For field work, he will follow my tractor a few rounds in the field, then get sick of it and go back to the house. He follows the pickup to the field for daily work with the cattle, and I want him to do that. It's a 2 mile run for him and I need him out there. But I don't always want to take him to town, he's big and smelly and very "farm doggy".
I'd like him to learn that he can just chill outside--- and watch things for me until I return.
How would you go about teaching this? It's not really " stay" -- it's "stay home". I may have asked this before -- if so, sorry, whatever I tried then, hasn't worked.
He does not have separation anxiety at all, but he likes to chase. I've considered pelting him with small stones while yelling "out" ( a generalized command meaning I don't want you now)
but that method seems -- like something from BEFORE Leerburg.
I used to give him a big bone but lately bones=trouble with Pinker so I've stopped them.
I still can't safely leave Harley uncontained when I leave. He needs his walls, floor and roof or he will follow me. But once he is calm he can go out with the BF and not try to find me. That has taken some time. I don't know if I will ever try to leave whit him not in the house. And if I am teaching in the back and he can hear me, he will come to me come hell or high water. Or dragging the BF on the leash
I've never done it, I depend on fences, but maybe you could teach him a barrier type behavior, something he's not to cross. Two posts at the sides of the driveway or something.
My dogs have never just hung around outside when I'm not there. Missy was always inside, Kipp and Kenzi are kenneled or baby gated into a room inside. Just too much going on outside
i had a command for my previous two dogs : " wait here " .

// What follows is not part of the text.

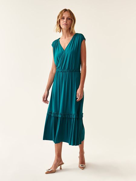 – dekolt: V- talia: marszczona- detale: falbanki- krój: taliowany- look: jednokolorowy
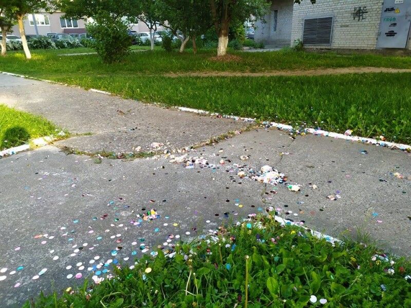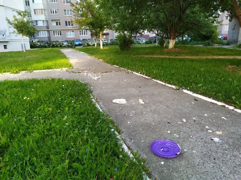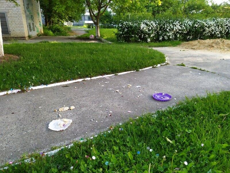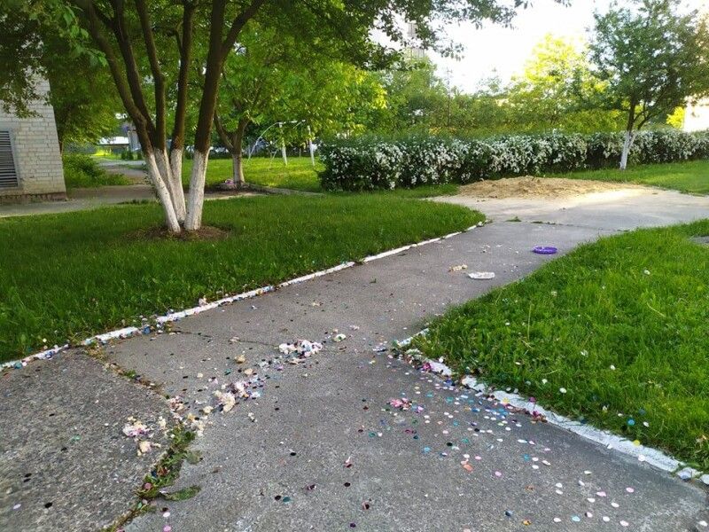 Проте остаточно оцінити розмах нічного святкування можна було лише вранці. На місці запуску феєрверка лишилися не тільки блискітки (які прибрати справді було не надто реально) та шматки святкового торта (на радість місцевим горобцям), а й коробка з-під цього кулінарного виробу (що вже скидалося на відверте свинство).

meant that the dog had to stay in an immediate vicinity , like enough to get up and move to change down position but i never tested it beyond an hour , in a non distractive environment .
but if you have enough time and resources , no reason why you can't marker that . pretty much going to need another person to execute the marks and rewards , while you increase your time away .
Yes, that is how I'd start. And then start using it frequently when you're out and about on the farm before you use it when you go somewhere. When he's solid on that you can try it when you leave to go somewhere. But I'd be leaving him a stuffed kong to work on when you first start actually leaving so he is rewarded for going up by the house and has something to keep him occupied while you're leaving. And I'd probably wait another 6 months before I started expecting him to stay. Both so he matures a bit more and so he is solid on the "go to the house" command
I don't know if this has already been suggested, with my last male I border trained him for the farm where I kept my horse, he was allowed loose on the property but I didn't want him following me on rides off the property. I used an e-collar and would bring him to the area he was allowed to cross, as we approached it Id say stay, keep walking then add brrrr... keep walking and if he kept continued to follow I would activate the collar, the collar had a vibration setting which I used first, then the low zap. After he understood the border and no crossing as I was riding or walking out all Id say was brrrr, and he would turn around and go wait for me, never followed if I used the brrrr command. I haven't used this with Amber, because she usually doesn't go to the barn with me but I probably will in the future. Jmo.
My animals are not "like" family, they ARE family.